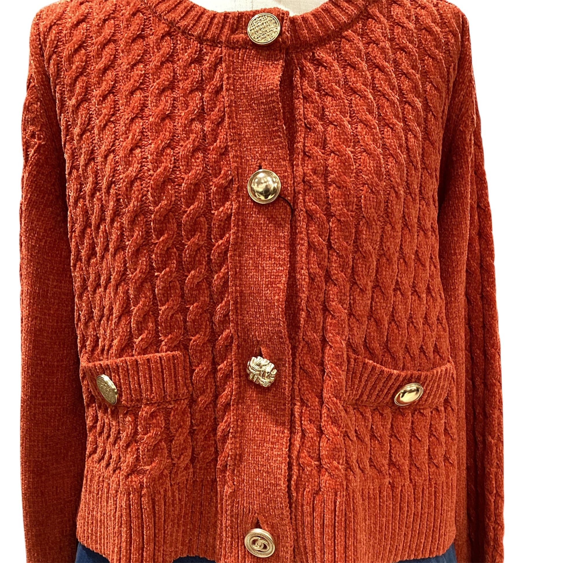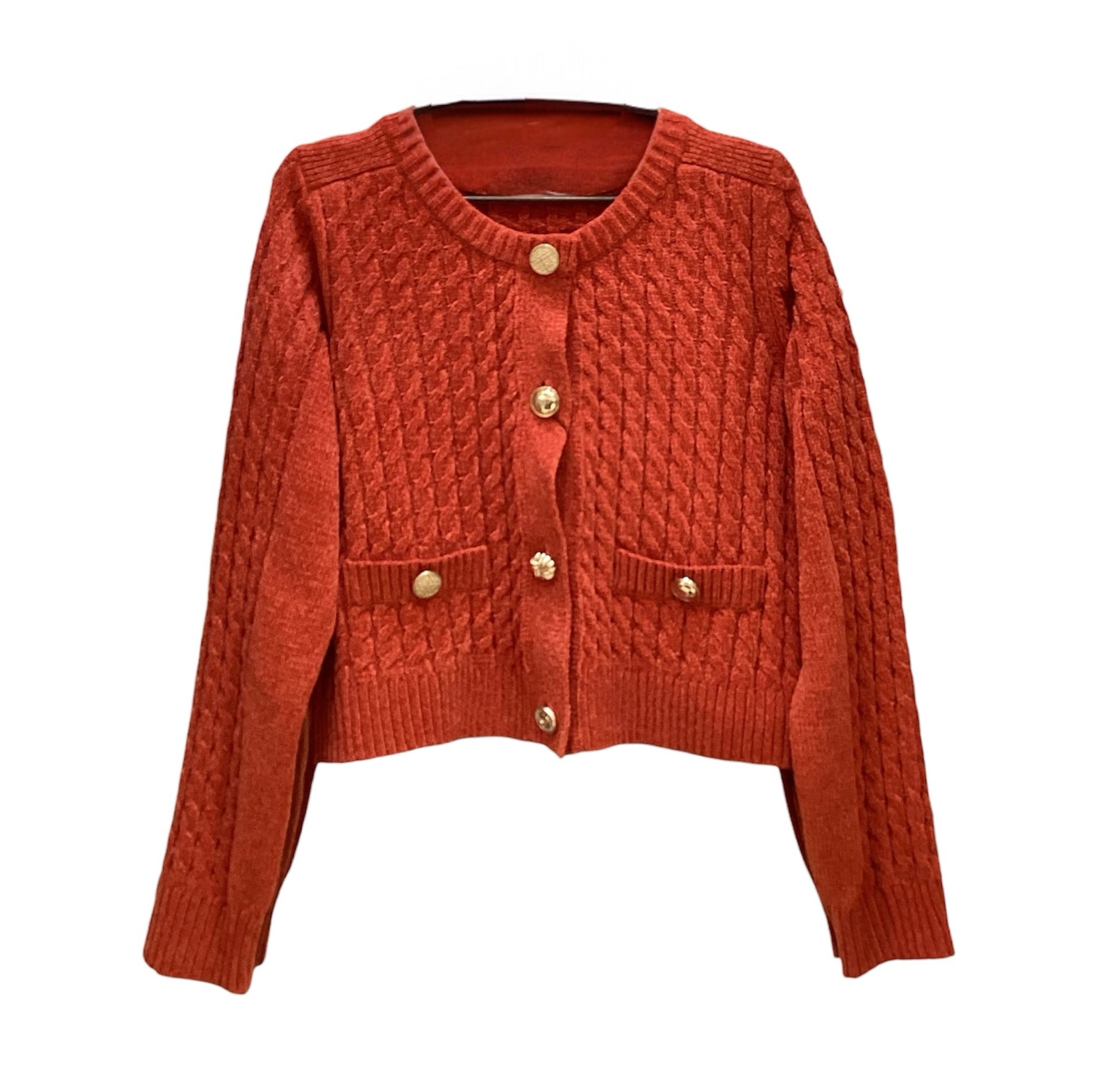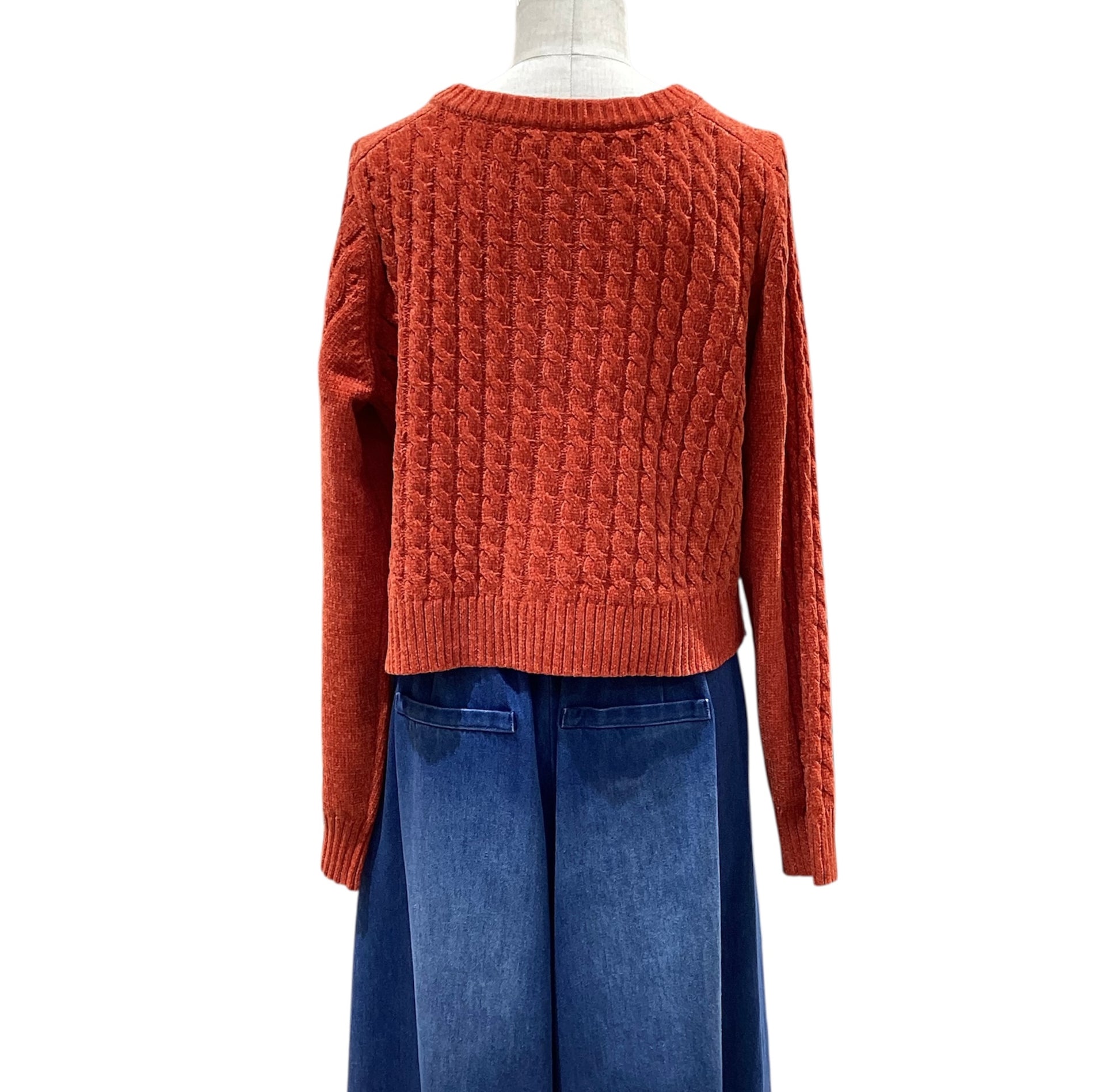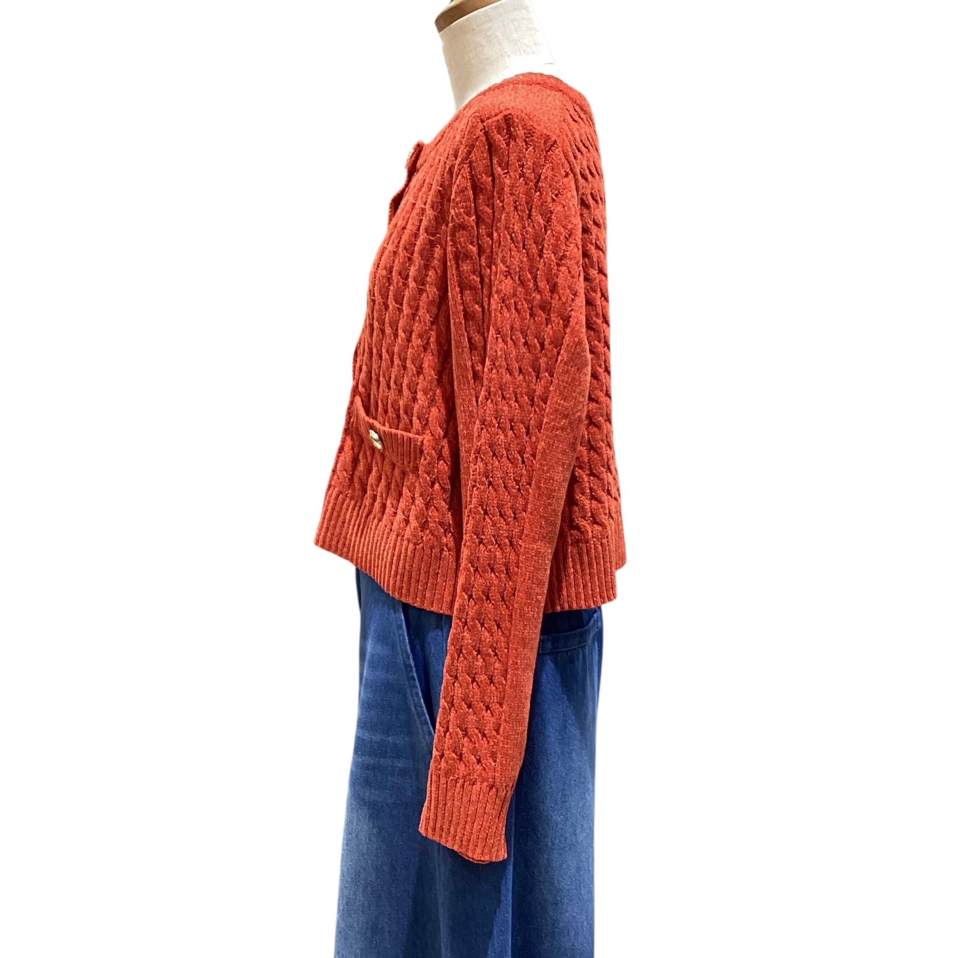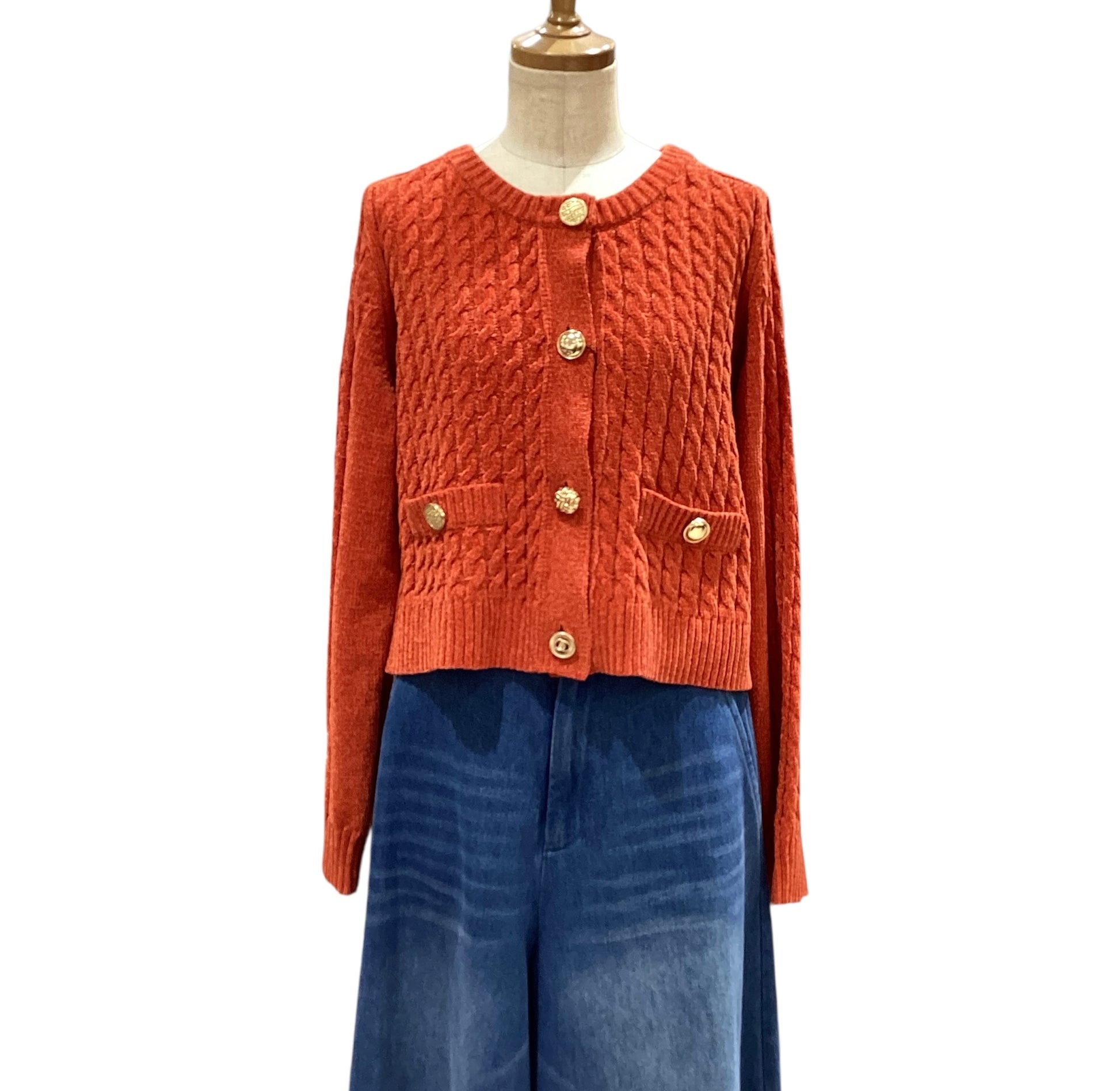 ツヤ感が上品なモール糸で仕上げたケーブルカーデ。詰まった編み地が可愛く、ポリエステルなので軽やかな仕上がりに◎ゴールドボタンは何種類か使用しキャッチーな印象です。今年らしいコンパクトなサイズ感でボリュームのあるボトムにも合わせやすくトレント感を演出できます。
++++++++++
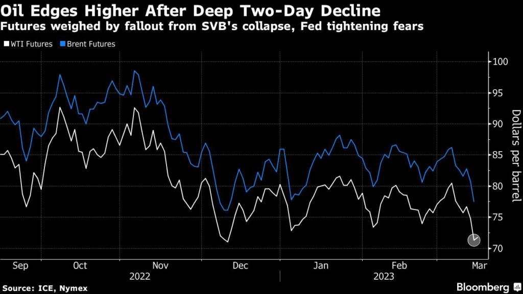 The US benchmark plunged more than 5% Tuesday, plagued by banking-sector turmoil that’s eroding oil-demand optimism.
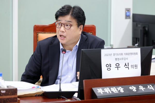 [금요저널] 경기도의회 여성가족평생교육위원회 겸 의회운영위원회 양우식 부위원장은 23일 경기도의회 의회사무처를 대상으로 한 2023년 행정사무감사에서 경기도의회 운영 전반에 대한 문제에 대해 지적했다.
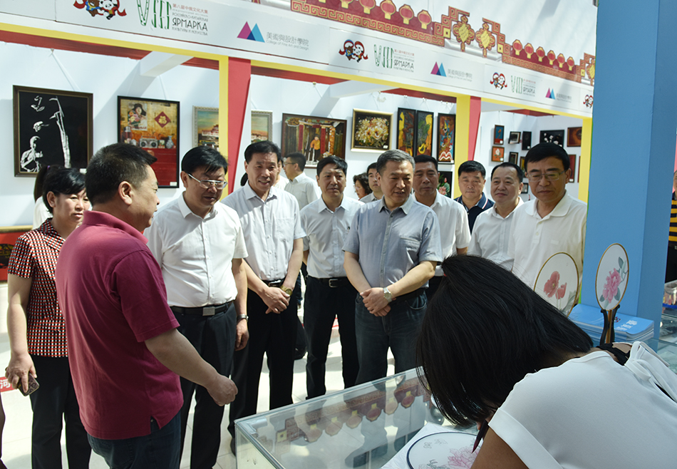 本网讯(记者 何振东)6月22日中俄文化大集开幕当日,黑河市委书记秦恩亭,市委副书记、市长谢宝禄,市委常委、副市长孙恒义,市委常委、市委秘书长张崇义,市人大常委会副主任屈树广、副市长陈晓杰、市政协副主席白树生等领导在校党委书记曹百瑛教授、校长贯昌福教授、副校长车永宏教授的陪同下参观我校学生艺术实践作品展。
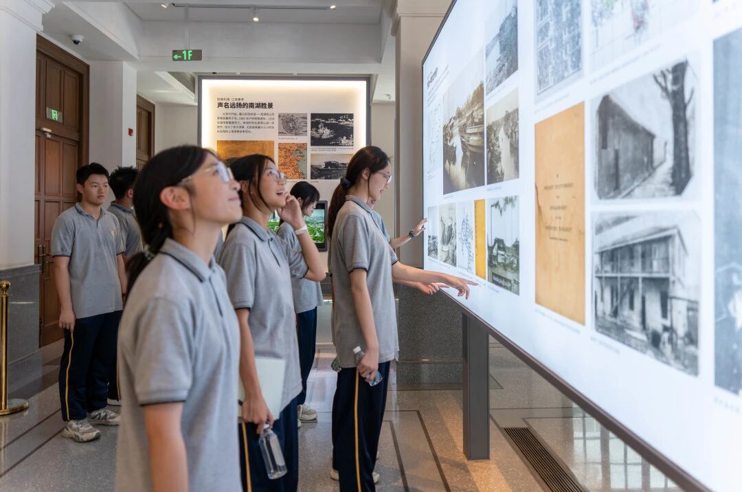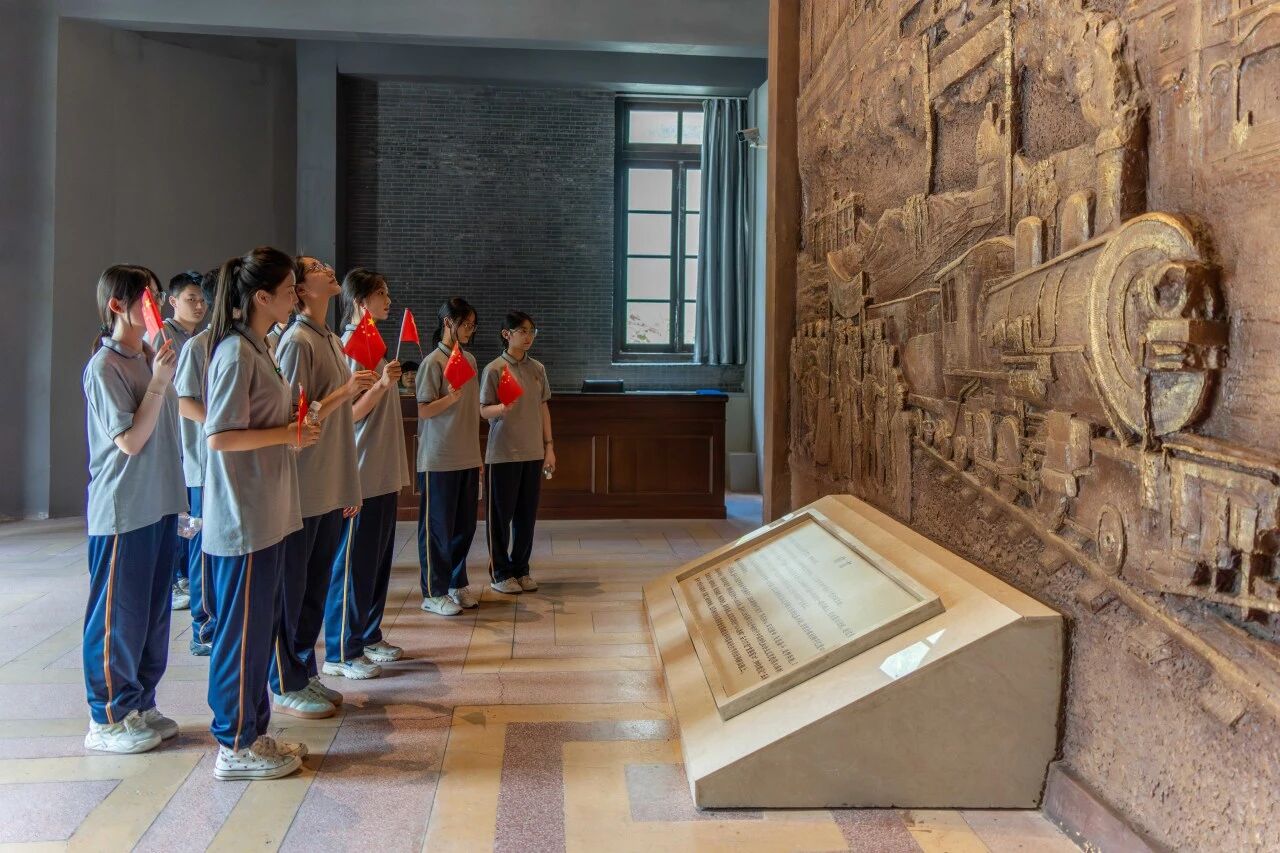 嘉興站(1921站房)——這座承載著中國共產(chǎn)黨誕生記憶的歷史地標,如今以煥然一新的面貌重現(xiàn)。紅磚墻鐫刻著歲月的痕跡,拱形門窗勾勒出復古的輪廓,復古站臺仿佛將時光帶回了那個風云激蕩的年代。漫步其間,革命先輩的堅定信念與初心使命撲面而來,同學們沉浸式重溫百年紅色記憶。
++++++++++
> _Instructions to follow_
An exact copy is needed. It runs from the line above containing "本网讯(记者 何振东)6月2" down to the line containing "嘉興站(1921站房)——這", both included, with no pictures.

> _Result below_
 本网讯(记者 何振东)6月22日中俄文化大集开幕当日,黑河市委书记秦恩亭,市委副书记、市长谢宝禄,市委常委、副市长孙恒义,市委常委、市委秘书长张崇义,市人大常委会副主任屈树广、副市长陈晓杰、市政协副主席白树生等领导在校党委书记曹百瑛教授、校长贯昌福教授、副校长车永宏教授的陪同下参观我校学生艺术实践作品展。
 嘉興站(1921站房)——這座承載著中國共產(chǎn)黨誕生記憶的歷史地標,如今以煥然一新的面貌重現(xiàn)。紅磚墻鐫刻著歲月的痕跡,拱形門窗勾勒出復古的輪廓,復古站臺仿佛將時光帶回了那個風云激蕩的年代。漫步其間,革命先輩的堅定信念與初心使命撲面而來,同學們沉浸式重溫百年紅色記憶。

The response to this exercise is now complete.